A formal policy against hiring anyone who ever faced a sexual harassment charge could backfire, says Zev Eigen, an assistant law professor at Northwestern University School of Law in Chicago.
Under a Civil Rights Act of 1991 provision based on the U.S. Supreme Court’s 1971 ruling in Griggs v. Duke Power Co., a hiring policy that inadvertently hurts a protected class violates that group’s civil rights, Eigen says.
Labor Finders International Inc. does not consult the sexual harassment registry, says Wayne Salen, director of risk management for the Palm Beach Gardens, Florida-based industrial labor staffing company.
Still, the registry might be a helpful tool, and using it might not result in treating any group in an impermissible disparate manner, Salen says. Employers “have to be careful” about inadvertently harming protected groups, he says.
Rejecting a job candidate solely because they have a criminal background violates that individual’s rights, except for certain jobs, Salen says.
Eigen says the best way to limit liability for a rogue employee is to follow the Supreme Court’s directions for implementing and enforcing a strong anti-harassment policy.
And when using an online source, employers also have to determine whether they trust the registry’s credibility, he says.
Adelman says ebosswatch.com only repackages publicly available information. He primarily uses Google Alerts to aggregate data from various online sources, particularly news media and court websites.

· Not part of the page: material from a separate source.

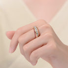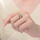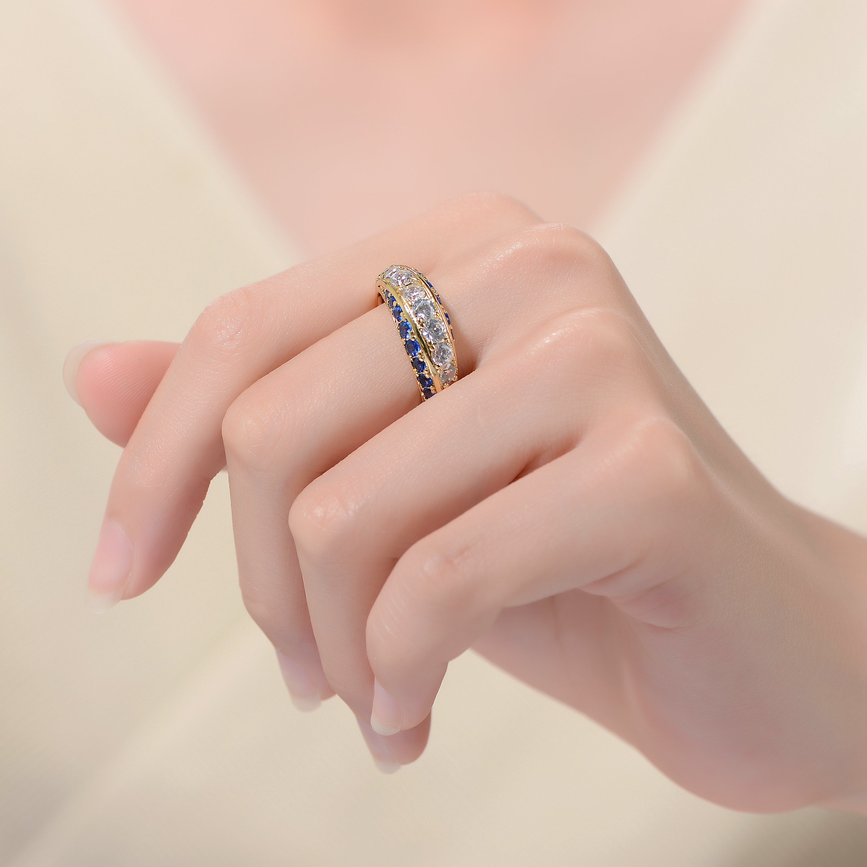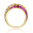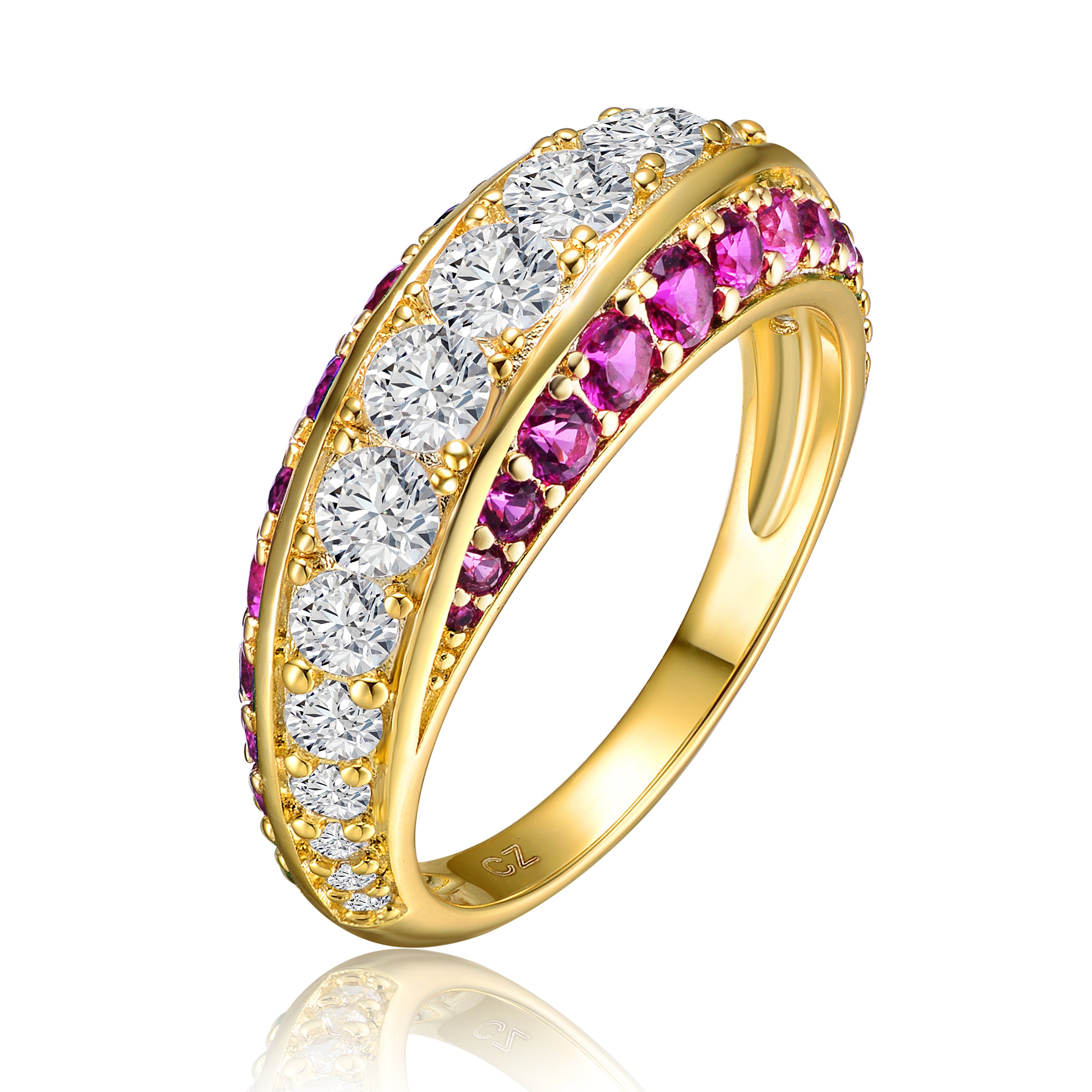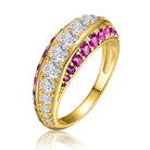 This sophisticated cocktail ring is crafted from sterling silver and finished with a radiant 14K gold plating. The design features three elegant flowing rows, with the center row highlighted by brilliant clear round cubic zirconia, while the outer rows are accented with vibrant colored cubic zirconia for a striking contrast. Polished and eye-catching, this ring delivers bold style with refined sparkle.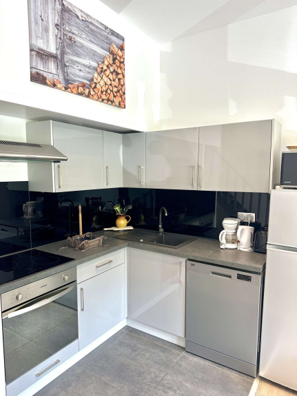 Küchenbereich: Backofen, Mikrowelle, Geschirrspüler, Kühl-/Gefrierschrank, 3 Cerankochfelder

A proprietary database and software program his company developed then populates the registry.
Adelman also maintains that his registry has helped employers based on the number of accused harassers who have asked him to remove their names. He says he never will, because employers should know whether job candidates ever faced harassment charges.
Independent employment lawer Donna Ballman in Fort Lauderdale, Florida, likes the registry concept because she has so many male and female clients “who are victims of sexual harassment.”
She suggests improvements, however, including a more complete list of accused harassers. “If you see a name over and over again, it tells you something: Someone needs to do something about this person.”
David Ratner, a lawyer who represents an Illinois woman who was awarded $39.8 million in her sexual harassment case, doesn’t like the registry.
“I think harassers should lose their jobs and be punished,” says Ratner, managing partner of Morelli Ratner of New York. “But there’s a right way and a wrong way to go about it.”
Adelman says the registry should be used with other evaluation tools and that employers should allow accused harassers to explain their cases. But that suggestion is disingenuous, Ratner says. He doubts whether employers with multiple job candidates would consider one listed in the registry.
As a result, employers could reject talented job candidates who either were wrongly accused or made one mistake and learned from it, critics say.